Pyrola grandiflora (commonly known as Arctic wintergreen or largeflowered wintergreen, is a hardy perennial evergreen subshrub in the family Ericaceae. It is widely distributed in the Northern Hemisphere from temperate to tundra-like climates.

==Taxonomy==
According to A. E. Porsild in 1939, there are three recognized varieties of Pyrola grandiflora that includes var. canadensis, var. gormanii, and var. grandiflora which slightly differ in terms of leaf and floral morphology, fragrance, and habitat. For example, P. canadensis Andres are found in the southern lowlands and are taller and often have smaller flowers than normal.

==Distribution==
Pyrola grandiflora is found throughout the Northern Hemisphere and is circumpolar including places: Greenland, Canada, United States, Alaska, Yukon, Northwest Territories Islands, Continental Northwest Territories, Nunavut Islands, Continental Nunavut, Northern Quebec, Eurasia, and the Arctic.

==Habitat and ecology==
According to the Köppen climate classification, Pyrola grandiflora grows in certain types of climates: hemiboreal, taiga, and tundra found in the North Hemisphere or circumpolar. This perennial subshrub is able to grow on numerous substrates (surface in which an organism grows) on alpine tundra, heathlands, coniferous forests, boreal forests (taiga), woodlands, slopes, ridges, dry meadows, stony places and imperfectly drained moist or dry areas. Additionally, on humus in shrubby tundra, it is able to grow along with Vaccinium uliginosum, Salix alaxensis, Betula glandulosa. Flowering season is often between April and June.

==Morphology==
According to the United States Department of Agriculture (USDA), individuals of this species are considered to be a type of subshrub that grows under 0.5 meters never reaching one meter at maturity. The plant reaches heights of 3–25 cm with simple leaves that are basal and long-petioled.

===Leaf morphology===
The leaves can be described as having pinnate venation with obtuse or rounded leaf blade bases, rounded leaf apices, sub-entire blade margins, and glabrous surface. A leaf's abaxial surface is dull, pale and its adaxial surface is shiny, dark green with a leathery feeling upon touch. There is also sometimes white tissue that borders larger veins adaxially. The plant is evergreen and its leaves are persistent throughout all seasons unlike deciduous plants.

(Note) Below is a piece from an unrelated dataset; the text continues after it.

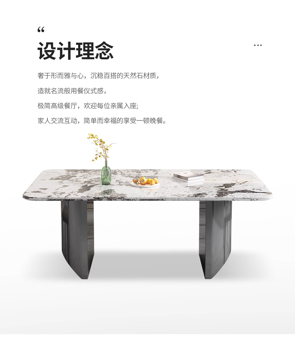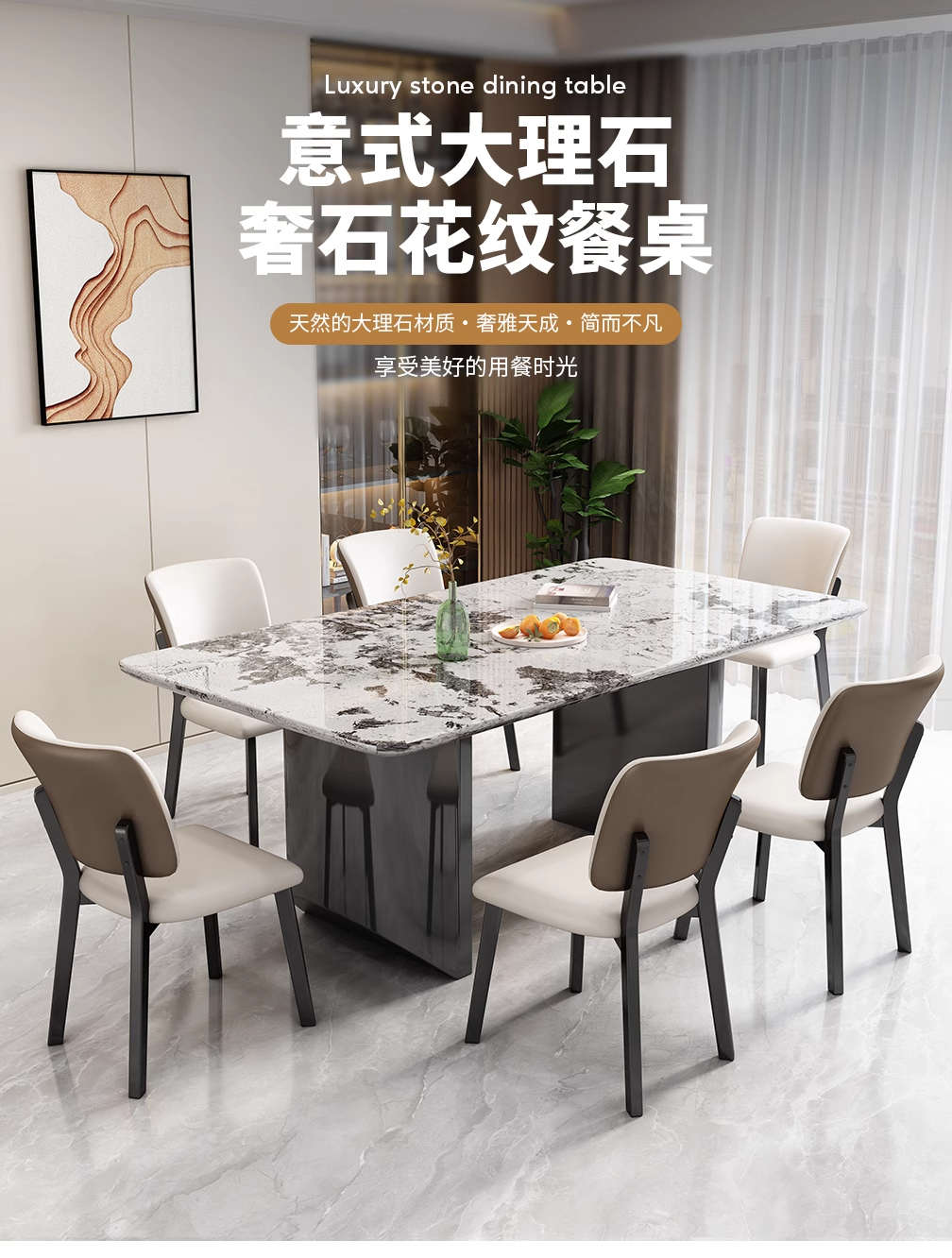 意式轻奢大理石餐桌极简高端奢石天然大理石长方形大小户型吃饭桌

===Stem, petioles, and roots===
The stem known as a caudex grows in branches vertically at the ground level or underground. They are short and grow from a slender rhizome. There is a small transition zone between the roots and the basal leaves. It also is composed of a scape with one to two bracts. The petioles are 5–25 mm long, unwinged, flat, glabrous and are attached to the basal leaves or absent with bract leaves on the flowering stem. The root of the large-flowered wintergreen is a taproot.

==Flowers and fruit==
Flowers of Pyrola grandiflora are generally large, composing of long pinkish sepals rather than broad (2–3 mm long and 1–1.5 mm wide) and white greenish white petals suffused with pink along with dark veins. It is usually described having a racemose inflorescence. Pedicels are present, glabrous containing bract leaves 4–8 mm long. Its anthers are yellow containing a long, curved style at maturity with a collar below the stigma which is an important property of this plant. The anthers consist of a creamy yellow to golden yellow thecae and yellow to yellowish brown tubules. Anther size ranges from 1.5–2 mm long. The flower has one style and one stigma per style. The number of stamens on the flowers is often twice the number of petals the flower has.

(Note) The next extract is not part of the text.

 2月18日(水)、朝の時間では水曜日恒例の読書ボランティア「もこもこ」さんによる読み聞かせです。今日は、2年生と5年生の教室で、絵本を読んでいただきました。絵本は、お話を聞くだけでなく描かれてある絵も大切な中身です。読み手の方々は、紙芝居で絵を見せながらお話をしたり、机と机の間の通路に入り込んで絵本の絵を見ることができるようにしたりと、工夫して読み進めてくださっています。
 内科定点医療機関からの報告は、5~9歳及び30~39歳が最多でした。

The flower has a syncarpous gynoecium (fused-carpellate ovary) with 5 carpels and has parietal placentation. Ovules are numerous and small. The small fruit is spherical and dehiscent. Its appearance is red when immature and black/brown when mature, with a glabrous surface. The fruit is 3–6 mm long and wide. A ridge down the center of each carpel can be observed containing seeds. Seeds are 0.5–0.7 mm long. The endosperm is yellowish with a smooth surface.

==Medicinal use==
Although other species of Pyrola such as Pyrola asarifolia have been considered to treat urinary diseases, mouth and throat inflammations, postpartum swelling, hemorrhoids, and insect bites, there have been no studies found that display that Pyrola grandiflora has medicinal properties as well.